GPU update

Questions and Answers : Unix/Linux : GPU update
Message board moderation

To post messages, you must log in.

Previous · 1 · 2

AuthorMessage
Dataman
Avatar

Send message
Joined: 1 Jul 20
Posts: 32
Credit: 22,436,564
RAC: 0
Message 691 - Posted: 25 Oct 2020, 13:25:57 UTC
Last modified: 25 Oct 2020, 13:29:20 UTC

Just to let you know there is progress. This is with a rand_automata/DS3 datafile. Want to get it into testing tonight or tomorrow.

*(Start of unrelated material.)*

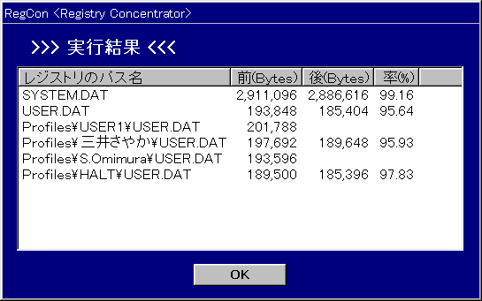 「再構成されたレジストリができました」の文字をダブルクリックすると、再構成前後のレジストリサイズ比較表を表示できる。このまま再構成を完了するかどうかの判断材料にしてもらっても構わない。

"Use GPU's" should not default to "Yes". The option should default to opt-in not opt-out.
ID: 691 · Rating: 0 · rate: Rate + / Rate - Report as offensive     Reply Quote
pianoman [MLC@Home Admin]
Project administrator
Project developer
Project tester
Project scientist

Send message
Joined: 30 Jun 20
Posts: 440
Credit: 13,636,524
RAC: 37,984
Message 694 - Posted: 25 Oct 2020, 16:02:16 UTC - in response to Message 691.  

Will look at fixing the GPU option. The option showed up as soon as we uploaded the mldstest windows client (which is *huge*, 1GB in size).

So its whatever the BOINC server defaults to now.
ID: 694 · Rating: 0 · rate: Rate + / Rate - Report as offensive     Reply Quote
Dataman
Avatar

Send message
Joined: 1 Jul 20
Posts: 32
Credit: 22,436,564
RAC: 0
Message 697 - Posted: 25 Oct 2020, 17:12:14 UTC - in response to Message 694.  

Will look at fixing the GPU option.


Fixed. Thanks!
ID: 697 · Rating: 0 · rate: Rate + / Rate - Report as offensive     Reply Quote
Gunnar Hjern

Send message
Joined: 12 Aug 20
Posts: 21
Credit: 37,774,242
RAC: 189,638
Message 698 - Posted: 25 Oct 2020, 22:06:49 UTC - in response to Message 694.  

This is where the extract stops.